Posted by: Scotian on March 18, 2007 at 11:28 PM | PERMALINK

Scotian: They also allow for increased information sharing among the like minded, increased ability to organize and to network, also helping to increase the ability of the less powerful to organize like those with real power.

The blogs also facilitate debate among folks who are not like-minded, who are interested in sharing and testing ideas. I come here for the debates and contradictions, not for agreements. I think that might make me a troll, but I also click all (almost all) the links to other information sources that are provided. So I get information that I wouldn't otherwise get. It was some such clicking that led me to FireDogLake's coverage of the Libby trial, which was one of the high points of the blogosphere. I have mentioned at least three previous times that the way to understand the case against Libby, and the judgement against him, is to read the semi-transcripts without interruption, instead of reading piecemeal excerpts.

Posted by: spider on March 19, 2007 at 12:12 AM | PERMALINK

"the MSM did the primary reporting?

They did? Point out an example.

Posted by: Slothrop on March 19, 2007 at 12:25 AM | PERMALINK

spider:

Oh agreed, I did not mean to sound like it was exclusively like minded folks, I was talking in terms of coalescing power from individuals, that's all.

Posted by: Scotian on March 19, 2007 at 12:32 AM | PERMALINK

Kevin,

You deserve a great deal of credit for the end of the Social Security dismantling by the GOP.

It's true TPM and others covered it but your insightful commentary and numerous graphs made the point much, much more compellingly. Kudos!

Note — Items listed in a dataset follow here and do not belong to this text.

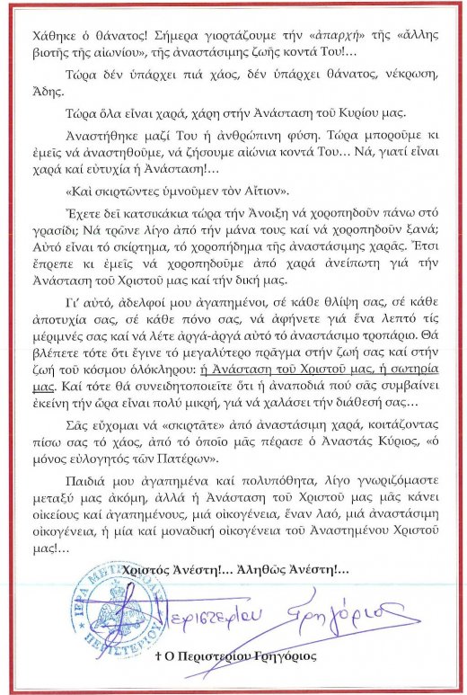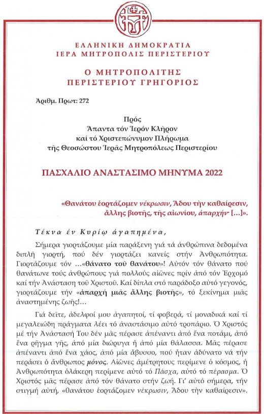 Το δικό του μήνυμα ενόψει της Μεγάλης Βδομάδας και του Πάσχα εξέδωσε ο Σεβασμιότατος Μητροπολίτης Περιστερίου κ. Γρηγόριος.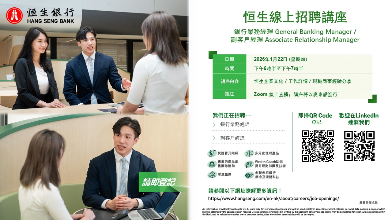 | Details: | You are cordially invited to Hang Seng Virtual Recruitment Talk for General Banking Manager (GBO) and Associate Relationship Manager (ARM). This is an opportunity to get to know about the role and the career growth opportunities available within Hang Seng. During the talk, you can get yourself updated with the news of the branch network presented by Hang Seng’s Business Representative from the Retail Distribution, and hearing the firsthand experiences from existing GBO, Platform Sales Manager and Team Head who will share their personal journeys and success! You may also ask your questions during the talk. Date: 22 Jan 2026 (Thu)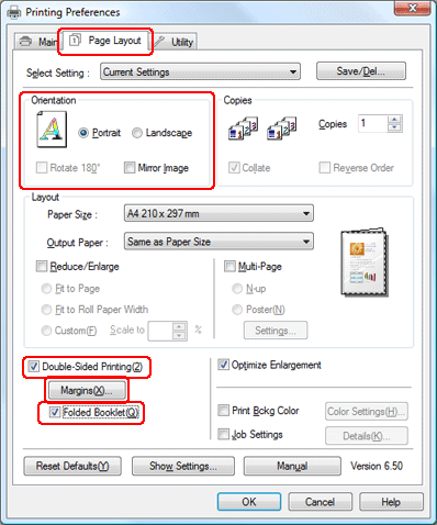 Щелкните вкладку Page Layout (Макет), выберите ориентацию отпечатка (Portrait (Книжная) или Landscape (Альбомная)) и затем установите флажок Double-Sided Printing (Двусторонняя печать).

Posted by: Dirk on March 19, 2007 at 2:32 AM | PERMALINK

corporate ownership is the difference in news judgement

Posted by: Driver^ on March 19, 2007 at 3:18 AM | PERMALINK

FDL were the go-to people for yellowgate for a long time. They are now what the NYT and WaPo used to be 30 years ago. Military-entertainment complex?

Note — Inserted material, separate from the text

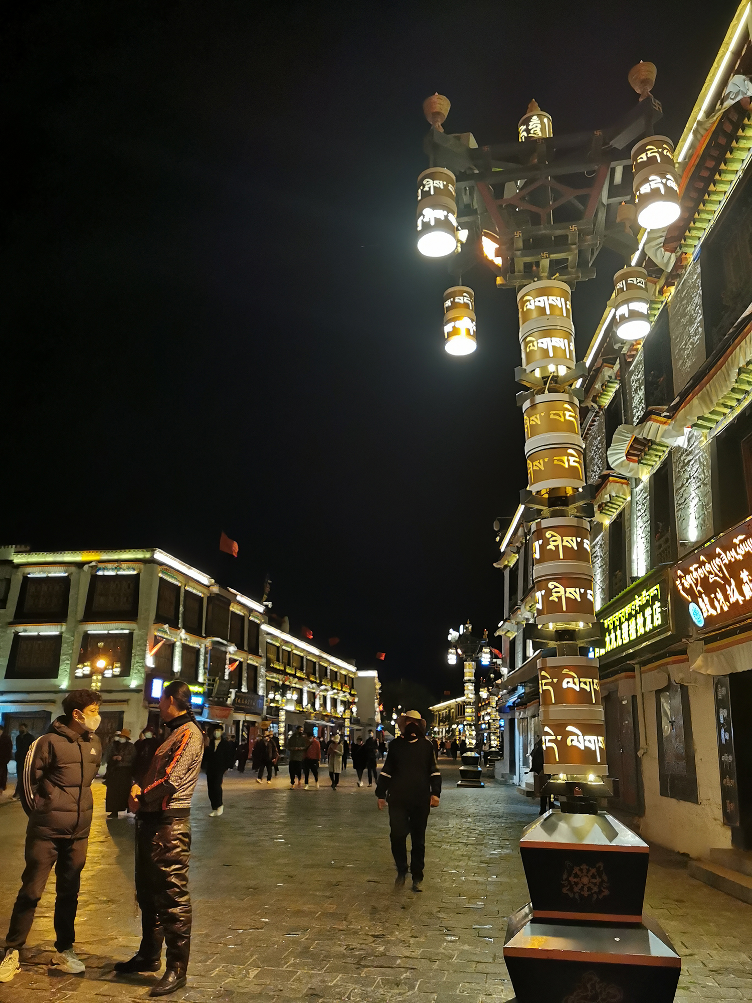 如果认真转过八廓街,会发现周边藏着一座气势不凡的清真寺。每当夜幕降临时,经典的星月顶在柔和的夜色里显得格外宁静,与不远处的布达拉宫和谐共生。整个清真大寺前面就摆起了清真市集,在这里你可以买到各式各样的清真美味小吃,不同民族、不同信仰的人们在市集上穿梭,品尝美食,场面热闹且温暖。
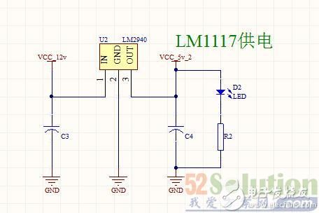 经综合考虑,本电路采用LM1117-3.3和LM2940-5电源部分的核心芯片。电池电源经过LM2940-5降到5V后在输入LM1117-3.3稳压为3.3V。由于电机部分电流较大,故在飞控电路部分加入了过流保护,使用500mA的保险丝。电路图如下。

'They're old - we're young and that's life'

As for Josh well it looks like he'll soon have the head of Alberto Gonzales over the mantlepiece.
Congrats, major props and etc.
Go's to show what 99% perspiration and a little understated inspiration can achieve.
I like the metaphor of samizdats for blogs because they make benefit the glorious nation of Blogistan and throw all the inbeds and political hacks down the well. Power to the people back home.

Posted by: professor rat on March 19, 2007 at 10:54 AM | PERMALINK

Simple answers to simple questions:

Because bloggers aren't part of the corporate machine, which predominantly does the GOP's bidding.

Posted by: gex on March 19, 2007 at 12:45 PM | PERMALINK

"That combination might be appealing in a prostitute..."

Posted by: serial catowner on March 18, 2007 at 4:46 PM

Perhaps S.C. meant "That combination might make for success in career prostitution..."

Posted by: dzman49 on March 19, 2007 at 3:17 PM | PERMALINK

BTW:

Blogs are to the MSM what Punk rock was to arena rock in the '70's.

It's true whether or not you're a fan of arena rock or punk rock.

Posted by: dzman49 on March 19, 2007 at 3:22 PM | PERMALINK

"[I]t was the MSM that did most of the primary reporting but the blogosphere that showed the better news judgment."

The great thing about the NY Times and the Washington Post is that you never know on which page you may find a page one story.

Posted by: nemo on March 19, 2007 at 7:25 PM | PERMALINK

Mainstream Corporate Media tends to be influenced by, uh, corporations--and corporations tend Republican? Too many reasons to mollycoddle the powers that be, any and all of them.

Posted by: jawbone on March 19, 2007 at 7:39 PM | PERMALINK

I think Josh will not want credit for a "head," but for digging into an important story which needed to be told to the American public. Something some journalists used to do regularly.